▶ _EXERCISE GOAL_:
Below are records with pictures. Transcribe exactly, and only, the lines from the line with "2013-2016年学生发表SCI、EI收录论文一览表" to the line with "Harrison Engineering was, back", both ends included, but not the pictures.

▶ _DATA TO USE_:
--------------------------------------------------

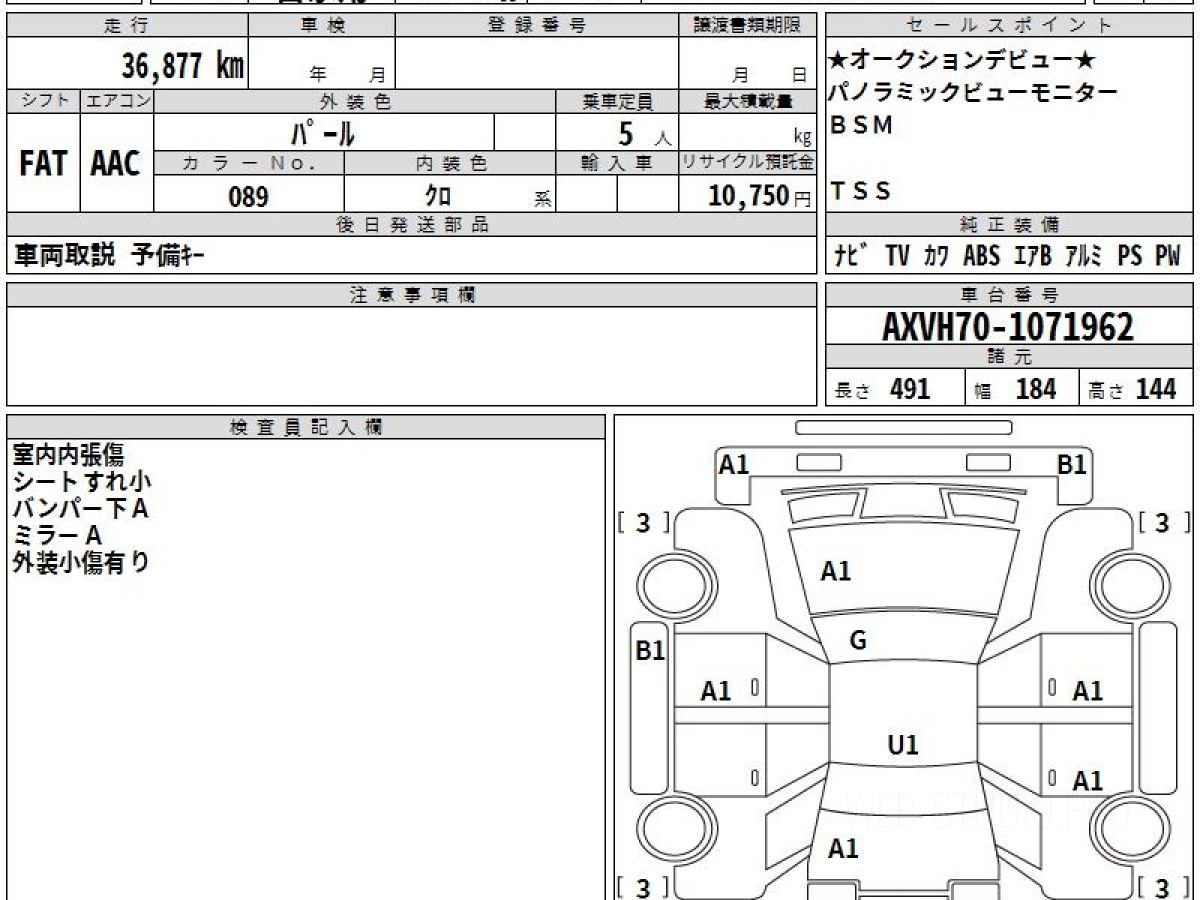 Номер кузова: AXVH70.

--------------------------------------------------

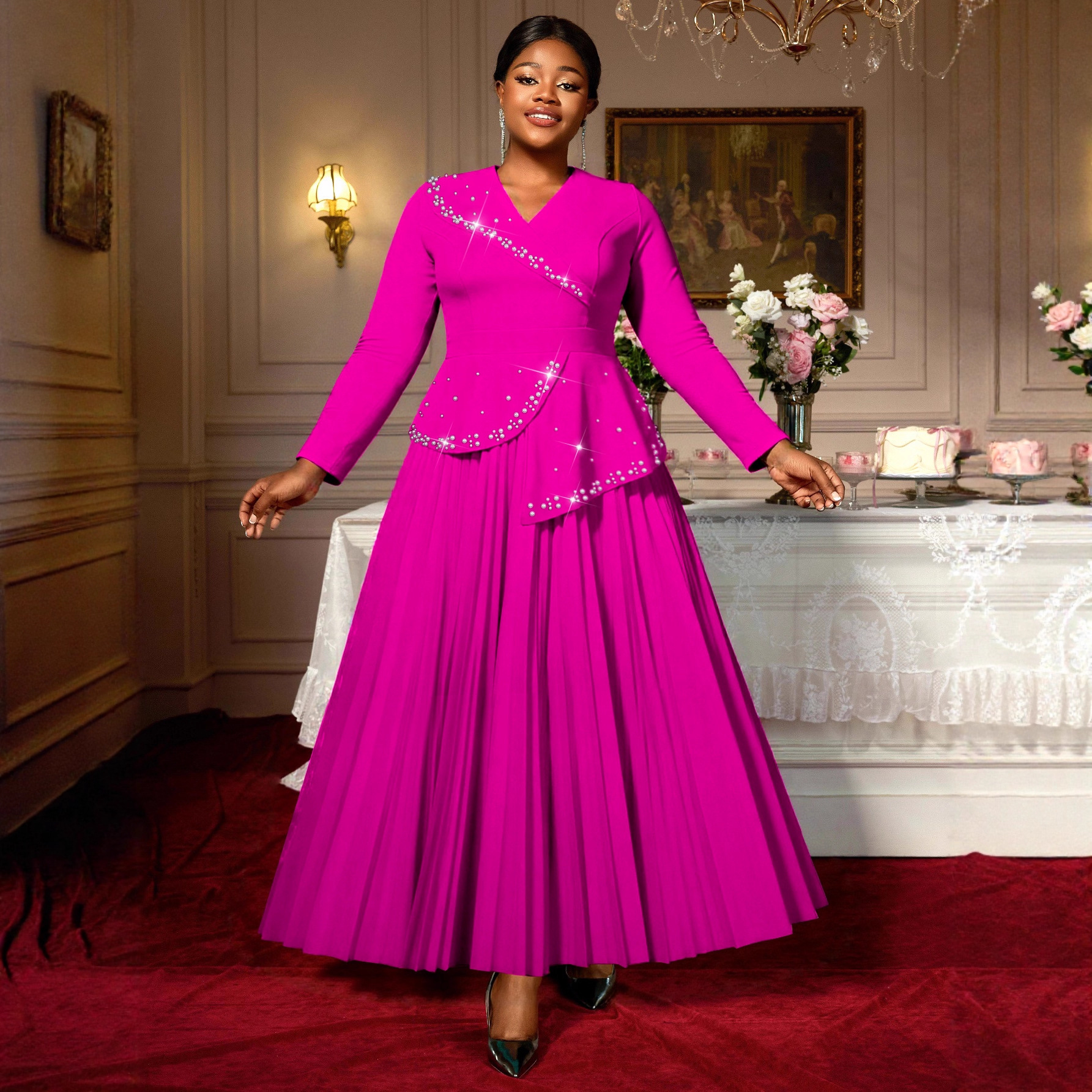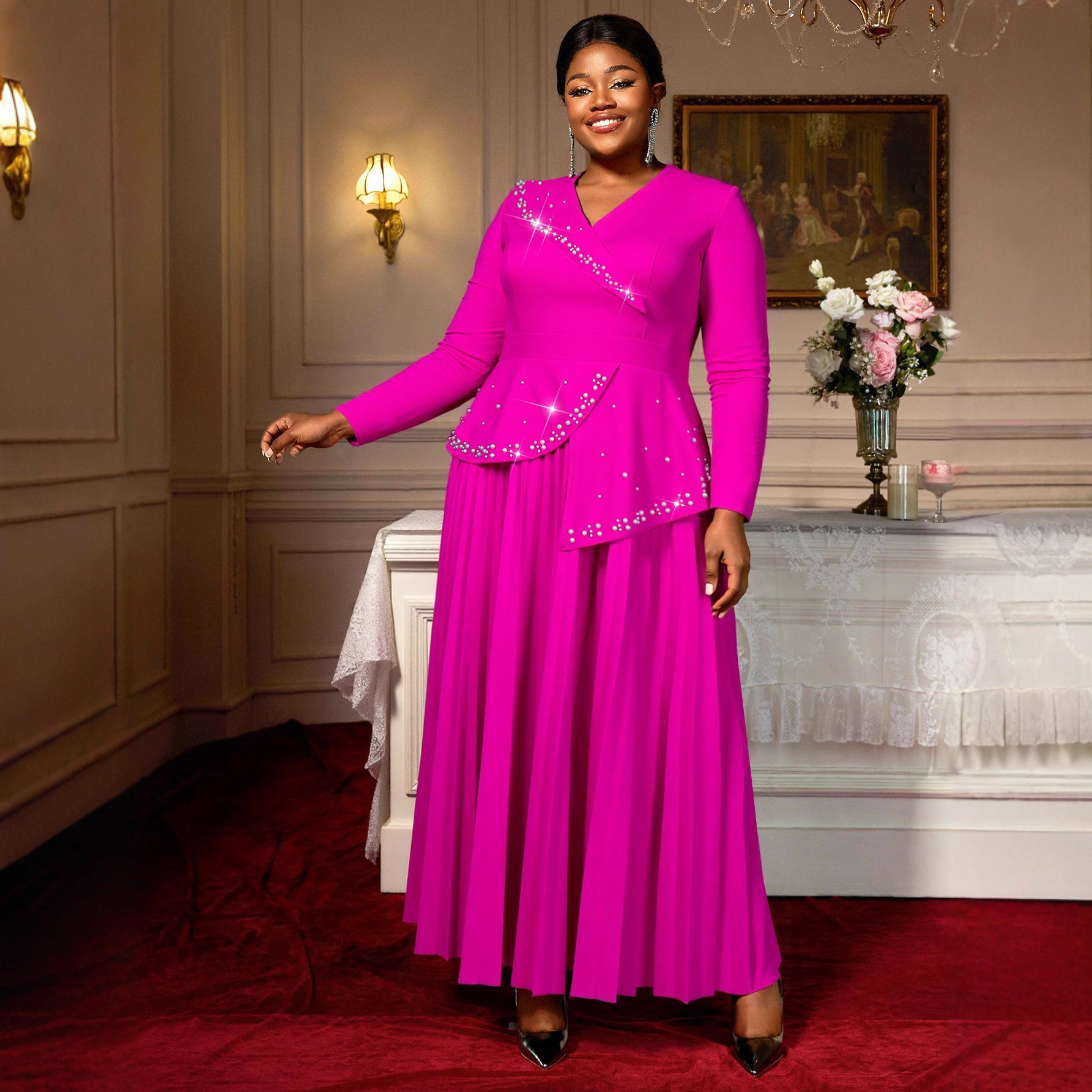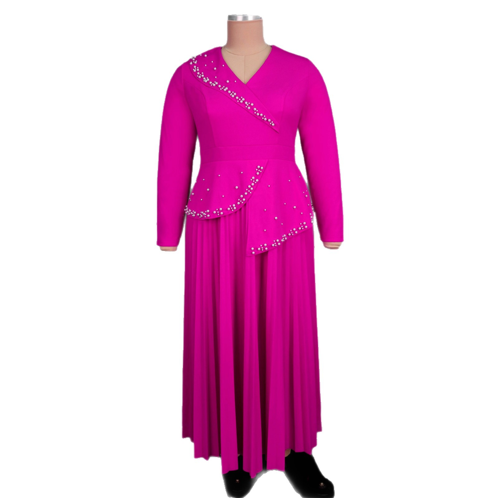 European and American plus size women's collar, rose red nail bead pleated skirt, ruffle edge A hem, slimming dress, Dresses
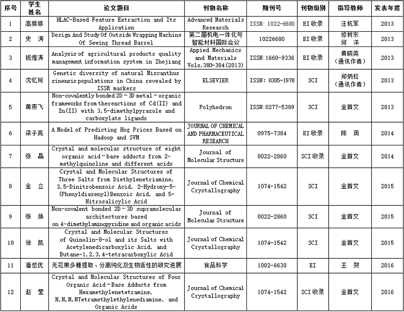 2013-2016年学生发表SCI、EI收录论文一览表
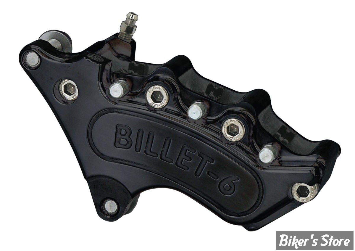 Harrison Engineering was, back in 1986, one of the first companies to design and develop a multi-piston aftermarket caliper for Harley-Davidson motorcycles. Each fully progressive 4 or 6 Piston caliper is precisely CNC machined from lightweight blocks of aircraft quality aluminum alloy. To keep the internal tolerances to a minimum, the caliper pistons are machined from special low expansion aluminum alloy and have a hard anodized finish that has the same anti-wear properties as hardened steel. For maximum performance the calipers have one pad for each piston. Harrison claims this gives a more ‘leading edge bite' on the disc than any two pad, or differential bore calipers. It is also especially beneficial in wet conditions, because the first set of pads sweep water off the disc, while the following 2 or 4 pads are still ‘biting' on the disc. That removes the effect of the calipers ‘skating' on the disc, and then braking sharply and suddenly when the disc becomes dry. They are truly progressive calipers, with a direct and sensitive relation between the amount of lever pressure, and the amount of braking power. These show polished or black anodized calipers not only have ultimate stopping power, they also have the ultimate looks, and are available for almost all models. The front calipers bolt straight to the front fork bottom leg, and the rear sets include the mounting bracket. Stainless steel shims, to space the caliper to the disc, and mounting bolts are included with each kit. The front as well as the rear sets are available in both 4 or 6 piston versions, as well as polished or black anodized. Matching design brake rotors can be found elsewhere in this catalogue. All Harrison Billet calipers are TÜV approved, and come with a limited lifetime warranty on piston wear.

--------------------------------------------------

▶ _ANSWER TO THE PROBLEM_:
 2013-2016年学生发表SCI、EI收录论文一览表
 Harrison Engineering was, back in 1986, one of the first companies to design and develop a multi-piston aftermarket caliper for Harley-Davidson motorcycles. Each fully progressive 4 or 6 Piston caliper is precisely CNC machined from lightweight blocks of aircraft quality aluminum alloy. To keep the internal tolerances to a minimum, the caliper pistons are machined from special low expansion aluminum alloy and have a hard anodized finish that has the same anti-wear properties as hardened steel. For maximum performance the calipers have one pad for each piston. Harrison claims this gives a more ‘leading edge bite' on the disc than any two pad, or differential bore calipers. It is also especially beneficial in wet conditions, because the first set of pads sweep water off the disc, while the following 2 or 4 pads are still ‘biting' on the disc. That removes the effect of the calipers ‘skating' on the disc, and then braking sharply and suddenly when the disc becomes dry. They are truly progressive calipers, with a direct and sensitive relation between the amount of lever pressure, and the amount of braking power. These show polished or black anodized calipers not only have ultimate stopping power, they also have the ultimate looks, and are available for almost all models. The front calipers bolt straight to the front fork bottom leg, and the rear sets include the mounting bracket. Stainless steel shims, to space the caliper to the disc, and mounting bolts are included with each kit. The front as well as the rear sets are available in both 4 or 6 piston versions, as well as polished or black anodized. Matching design brake rotors can be found elsewhere in this catalogue. All Harrison Billet calipers are TÜV approved, and come with a limited lifetime warranty on piston wear.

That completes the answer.